BBB Would Tamp Down Roth Conversions
The BBB legislation packs another double whammy specifically for Roth accounts. Starting in 2022, the bill proposes to end so-called mega backdoor Roth conversions. Regardless of income level, you’d no longer be able to convert after-tax contributions made to a 401(k) or a traditional IRA to a Roth IRA.
An additional rule would aim to prevent Roth conversions of any kind made by anyone making more than $400,000, or any couple making more than $450,000, by 2032.
Who Benefits from Backdoor Roth Conversions?
The upshot of these various rule changes is that Roth conversions, which became a wealth management strategy for the very wealthy only as recently as 2010, will soon be a thing of the past for the well-off.
“You’re not going to see conversions in the top tax brackets [if these rules go into effect],” said Steffen. “Low income people don’t have the assets to convert, or the liquidity to pay the tax.”
A quick glance at the latest IRS data tells the story: Among more than 200 million U.S. tax filers, fewer than 724,000 did a Roth conversion in 2018. Roughly 60% of those conversions were carried out by households that made between $100,000 and $500,000.
The annual income thresholds outlined above—$400,000 for single tax filers, and $450,000 for married couples—would be adjusted for inflation over time.

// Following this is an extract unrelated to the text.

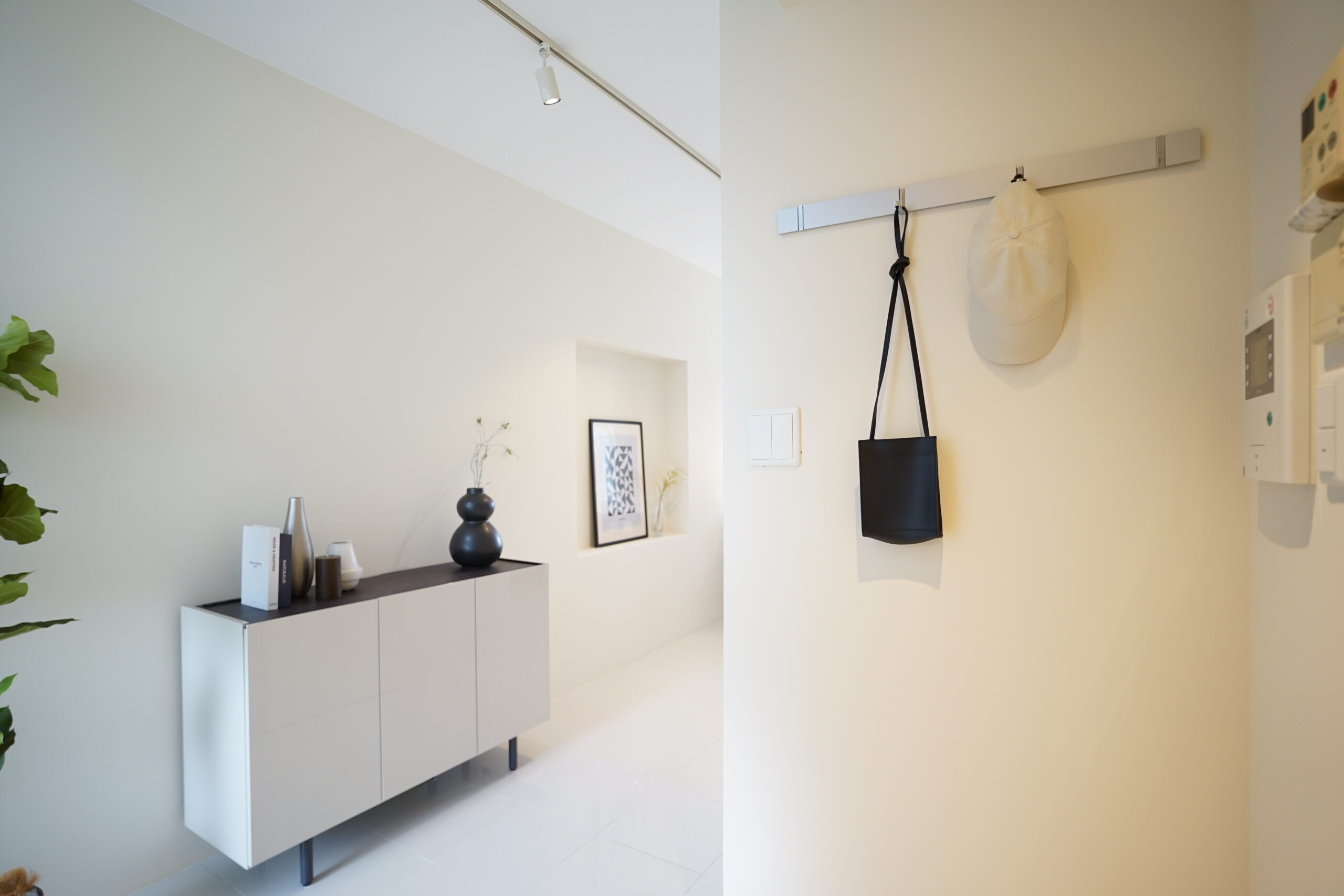 ホワイトを基調とした内装に、ウォールナットやブラックの家具を中心にプランニング。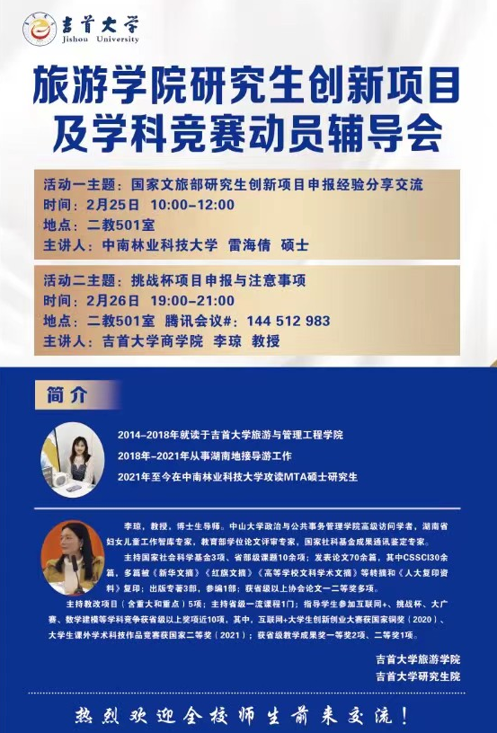 2023年2月25日,公司在二教501教室组织开展研究生创新项目及学科竞赛动员辅导会。“挑战杯”国家奖项目指导老师李琼教授、往届赛事优秀参赛选手雷海倩硕士作为分享嘉宾。伟德bv1946官网研究生及科研创新爱好者参加了此次讲座活动,公司副经理粟娟教授主持。

The new rules would essentially bar the 18% of Roth conversions that were done by taxpayers who took in more than half-a-million in income.
The mega backdoor Roth seems like a particularly egregious loophole. Under this strategy, people with plenty of money to spare make so-called after-tax contributions to their 401(k)s—these can amount to as much as $58,000 for those under 50 in 2021, if your plan allows it—and then roll the funds into a tax-free Roth account.
The point seems to be one of fairness: The retirement system just wasn’t meant to do this.
Would the BBB Backdoor Roth Reforms Impact You?
Most Americans then are spared from these changes that, no matter how just they happen to be, don’t do much to help average folks save for retirement.
In fact, the concept of Roth conversions has little effect on middle income earners: Only 86,000 tax filers who made between $50,000 and $100,000 (out of almost 52 million) even used a Roth conversion in 2018.
Instead, more Americans would be affected by changes that have been debated as part of proposed legislation known as Secure Act 2.0, including updating the Saver’s Credit and implementing auto-enrollment in retirement plans.
The former would turn the Saver’s credit into a refundable credit, which means low-income households who might not owe taxes could benefit, while the latter would require most employers to enroll their employees in a 401(k)-type plan.
The Secure Act 2.0 legislation will likely go through many more twists and turns as it evolves, so it’s not certain which of those reforms may ultimately make it.
Though it does much to address the upper class, the BBB wouldn’t address the needs of middle-class workers who already use an employer-sponsored retirement but don’t have enough saved. Just 55% of households helmed by someone between 55 and 64 have a retirement account, according to the Federal Reserve, and those households have a median holding of just $134,000, hardly enough to live on once you stop working.
In fact the most important asset for pre-retirees is their future Social Security benefits, which also happens to significantly reduce wealth inequality.
Given that the recent Trustees Report showed a key Social Security trust fund will be depleted one year earlier than expected, you’d think lawmakers would take this opportunity to shore up the pension program.
Unfortunately, any reforms will have to wait for a later date.
“It’s not the flavor of the day,” said Steffen.